DC vaccines are a type of cancer immunotherapy that use DCs to present antigen and stimulate the immune system to attack cancer cells. DC exosome vaccines are created by taking exosomes from DCs, loading them with tumor antigens, and then injecting them back into the patient to stimulate an immune response against the cancer.⁵⁰ In 1998, Zitvogel et al. first demonstrated that DC-derived exosomes (dexosomes) expressing MHC class I and II as well as T cell costimulatory molecules can facilitate immune cell-dependent tumor rejection.²⁰ The DC exosome vaccines and DC vaccines are both based on DCs but are two different immunotherapy strategies.
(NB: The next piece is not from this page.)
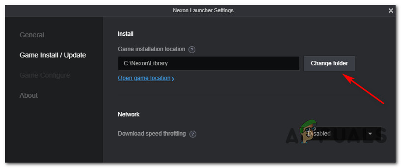 Accessing the launcher settings menu - Once you return back to the Nexon Launcher Settings menu, click on Game Install / Update tab from the vertical menu on the left, then click on the Change folder button associated with the Game Installation location.

The DC vaccine involves the isolation, ex vivo loading, and reinfusion of DCs into patients, while the DC exosome vaccine involves the isolation, purification, and administration of dexosomes into patients.⁵⁰ The advantages of the DC exosome vaccine over the DC vaccine include the following: (1) dexosomes are more stable and easier to store and transport than DCs, (2) dexosomes can cross the blood-brain barrier and target tumors in the central nervous system, and (3) dexosomes can avoid the tumor-mediated immunosuppression and the functional limitation of the commonly used monocyte-derived DCs.³²^,⁵¹ However, the DC exosome vaccine also faces some challenges, such as the low yield of dexosomes, the heterogeneity of dexosome composition, and the potential immunogenicity of dexosome components.⁵⁰ Therefore, more research is needed to optimize the production, characterization, and delivery of dexosomes for cancer immunotherapy. In summary, the DC exosome vaccine is a promising immunotherapy strategy that has some advantages over the DC vaccine in terms of stability, targeting, and immunosuppression resistance. However, it also faces some technical and biological challenges that need to be addressed in future studies.
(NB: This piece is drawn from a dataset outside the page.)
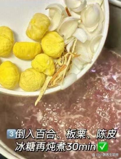 春季已经来到了,气温有了明显回升,阳气升发,正是我们最需要能量的时候,一日三餐都不能太马虎,尽量要少吃太油腻,平常多喝一些暖和和的粥品。女性上了年纪,就越来越爱美,平常气色太差,脸色会出现长斑,肌肤会非常暗沉,这个时候需要补充气血,延缓肌肤的衰老。今天准备用红豆,板栗和百合制作一款粥品——板栗陈皮百合红豆粥,简单煮一锅,粥品非常浓稠,为身体提供能量。红豆和它是绝配,等于“补血王”,暖胃健脾,补气血,脸色更红润。  【板栗陈皮百合红豆粥的详细做法】 食材明细:挑选陈皮12克左右(陈皮是橘子皮晒干后得到的药材,陈皮既可以用于泡水,煮粥和煲汤都可以加入一些,平常可以多囤一些),板栗若干个(板栗又叫栗子,属于高淀粉的食材之一,色泽金黄,口感粉糯,老少皆宜,营养价值很高,用来煮粥很不错),新鲜百合50克左右(百合是一种“失眠克星”,食药两用,缓解疲惫的症状,预防失眠的作用),选购一小碗优质红豆(或者用赤小豆替代,红豆是五谷之一,多吃红豆能够补气血,暖胃驱寒,让身体更强壮),冰糖或红糖少许,清水少许,其他。 详细制作顺序: (www.ws46.com) 第一步:提前准备好红豆,鲜百合,陈皮,板栗和其他食材,先把鲜百合用清水洗干净,去掉一层半透明物质,放在一边备用。 第二步:将红豆清洗几遍,放在容器制作,加上适量冷水浸泡,提前浸泡一晚上,或者放在冰箱冷藏储存,节省煮红豆的时间。第三步:将陈皮温水泡发,洗净切成细丝,板栗顶部切一个口子,用工具将其开口,去壳撕掉一层白色的物质,准备好其他食材,开始制作这道板栗陈皮百合红豆粥。 第四步:提前准备好一个炖锅,锅中放入泡发好的红豆,加上适量清水,盖上锅盖大火炖煮。 第五步:中小火炖煮20分钟,下入板栗,百合和陈皮,中途也可以加上清水,用勺子迅速搅动,避免粥品煮糊锅了。第六步:放入一些冰糖,也可以丢入一些枸杞子,小火焖煮几分钟即可,这款板栗陈皮百合红豆粥就制作完成了。 板栗陈皮百合红豆粥的小贴士:在准备和烹饪板栗陈皮百合红豆粥的过程中,有几个小贴士能帮助你提升粥的口感和营养价值。首先,选择优质的食材至关重要。红豆应选饱满、色泽鲜艳且无异味的;板栗要选皮薄肉厚、无虫蛀的;陈皮要选用香气浓郁、色泽自然的新会陈皮;百合则应选用色泽洁白、瓣大肉厚的。其次,红豆在煮之前最好提前浸泡数小时,甚至一夜,这样可以使红豆更易煮烂,释放出更多的营养成分。同时,煮红豆时不宜用大火,以免红豆煮破,影响粥的口感。再者,陈皮的使用也有讲究。陈皮在烹饪前最好用温水浸泡一会儿,以去除表面的灰尘和杂质。在粥快煮好的时候,再将陈皮加入,这样既可以保持陈皮的香气,又不会使其过于苦涩。 最后,百合的烹饪时间要掌握好。百合煮的时间不宜过长,否则容易失去营养和口感。最好在粥快煮好的时候,将百合加入,稍微煮一下即可。此外,煮粥时火候的控制也非常重要。建议使用中小火慢慢熬煮,这样可以使红豆和板栗的营养成分充分释放出来,同时使粥的口感更加细腻。 网友们,你们是否掌握这款板栗陈皮百合红豆粥的正确做法吗?(文中耳朵配图都出自网络)

In recent years, exosomes have emerged as promising agents for cancer diagnosis and immunotherapy, especially in the field of tumor vaccines.¹⁹^,³⁰^,⁵²^,⁵³^,⁵⁴ A recent study unveiled an innovative tumor vaccine that utilizes cis-spliced chimeric RNA-loaded extracellular vesicles derived from DCs. It is noteworthy that, apart from the conventional antigen sources found in traditional tumor vaccines, this study demonstrated that cis-spliced chimeric RNA can also generate tumor antigens.⁵² In addition, Wang and co-workers reported engineered exosomes as an in situ DC-primed vaccine to boost antitumor immunity in breast cancer.³⁰ Tracing back to 2001, Wolfers et al. first proposed that tumor exosomes are rich in tumor antigens and exert good antitumor effects.²² Andre et al. first verified that exosomes isolated from abdominal ascites contained tumor-rejection antigens and activated tumor-specific cytotoxic T cells in different tumor types.¹⁵ In this study, we propose the feasibility of the use of iPSC exosomes as tumor vaccines for the first time and show that these exosomes exert excellent therapeutic effects and inhibit lung metastases through in vitro pulsing of activated DCs. This study provides a solid theoretical basis for further research on iPSC exosome-based vaccines.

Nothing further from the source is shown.